The runway begins with that fashion staple of the mid-1970s disco crowd, the leather-fringed jacket. This model, from the now-defunct Italian house Fiorucci, came to Italy via America, Andy Warhol, Jerry Hall and the rest of the Manhattan set. During the 1970s, Fiorucci was more than a fashion house; it was a scene, a happening, where too cool people gathered in cool clothes and embraced a hip set of artists, musicians and poets. The fringed jacket was inspired by Jerry Hall's obsession with vintage Frederick's of Hollywood Western wear, which the designer immediately took a liking to. Again, though, while the stylings of the leather jacket visually relate to the Western tradition, one can also associate the newly found freedom and independence of the 1970s single lifestyle and the emergence of the women's movement as intellectually tying this piece to the mood and attitude of the American West.
Sewell's vision goes beyond cowboy fashion. Zandra Rhodes rediscovers Native American imagery with a feather dress, made of silk and covered with native patterns, all conceived to lightly hang off the body to create the 1970s idea of unencumbered freedom.
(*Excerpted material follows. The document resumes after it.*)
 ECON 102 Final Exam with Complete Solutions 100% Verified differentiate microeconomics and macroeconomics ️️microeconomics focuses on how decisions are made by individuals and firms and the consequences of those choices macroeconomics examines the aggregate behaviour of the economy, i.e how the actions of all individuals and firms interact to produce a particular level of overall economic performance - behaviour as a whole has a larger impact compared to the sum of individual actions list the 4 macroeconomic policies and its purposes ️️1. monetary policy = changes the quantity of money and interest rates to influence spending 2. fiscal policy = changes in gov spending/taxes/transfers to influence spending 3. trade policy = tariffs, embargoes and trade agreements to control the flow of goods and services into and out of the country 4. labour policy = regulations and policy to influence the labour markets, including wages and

Rhodes sketched many of her designs at the Museum of the American Indian in New York City. Then, later, in the spirit of the age, she drove cross-country in a VW bus and became fascinated with the culture and environment of the Arizona desert.
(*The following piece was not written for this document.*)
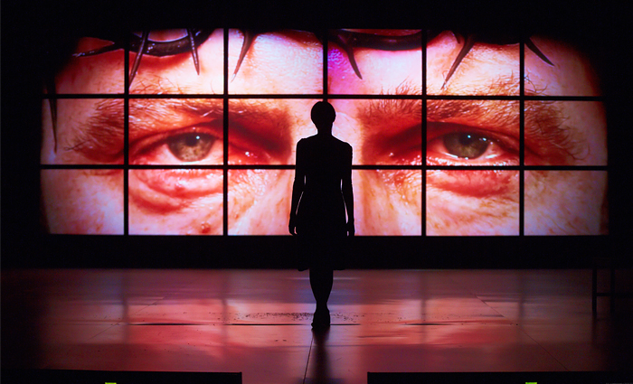 В течение всего действия с огромного экрана на героев и зрителей из-под воспаленных век смотрят глаза мужчины, на голову которого надет терновый венец. Человек глядит почти не моргая, и по его лицу постепенно начинают стекать капли крови. Присутствие всеми узнаваемого мученика, имя которого, впрочем, ни разу не упоминается, выводит и тему отцов и детей, и тему жертвенности на метауровень.

The contemporary works in the show, from the likes of Versace, Dolce & Gabanna, and Helmut Lang, take on a new identity of the West, too, one where rap stars replace cowboy heroes and gold spurs become gaudy signs of bountiful wealth and extravagance. John Galliano's dress and jacket, designed for Christian Dior for 2000, is a perfect example of this. With denim stylings printed slantways across the silk dress, the false appearance of the denim gives a certain ruggedness to the gentle silk of the fabric. And this, combined with the denim jacket covered with gold belts, hitches and other regalia, creates a look more associated with hip-hop than anything necessarily Western at all. But that's the beauty of the show; the vast array of design interpreted through Western culture in all the postmodernist wrappings.
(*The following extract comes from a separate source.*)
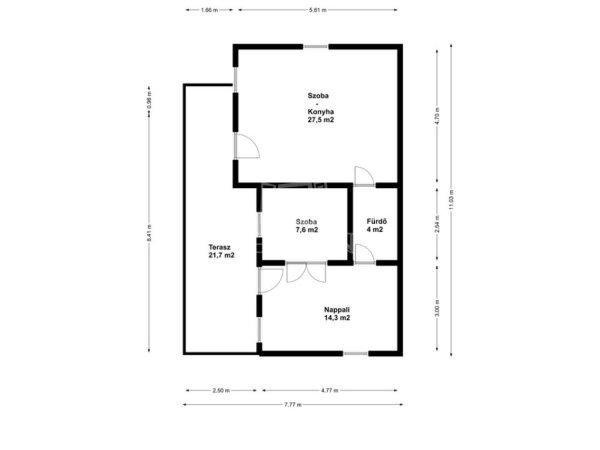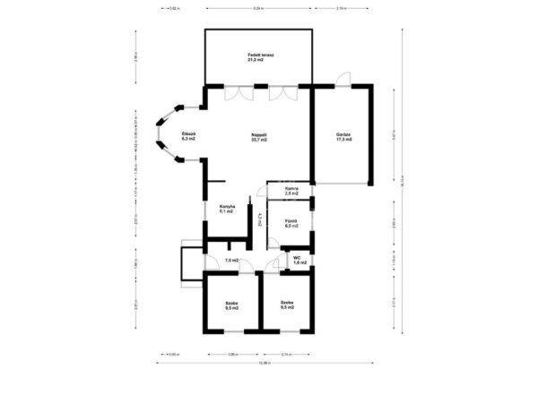lakóterületű, klímákkal és fűtőpanelekkel fűthető, szintén 21 m2-es fedett

"Way Haute West!" is an important show for a museum that has attempted everything but changing its conservative approach to art to appeal to the younger, hip set. What the museum will learn, one hopes, through Sewell's success is that fancy cocktail parties will appeal only to lovers of cocktails -- if you want a wider and younger audience for your institution, it's not about what drinks you serve but about the type of art and programming you offer.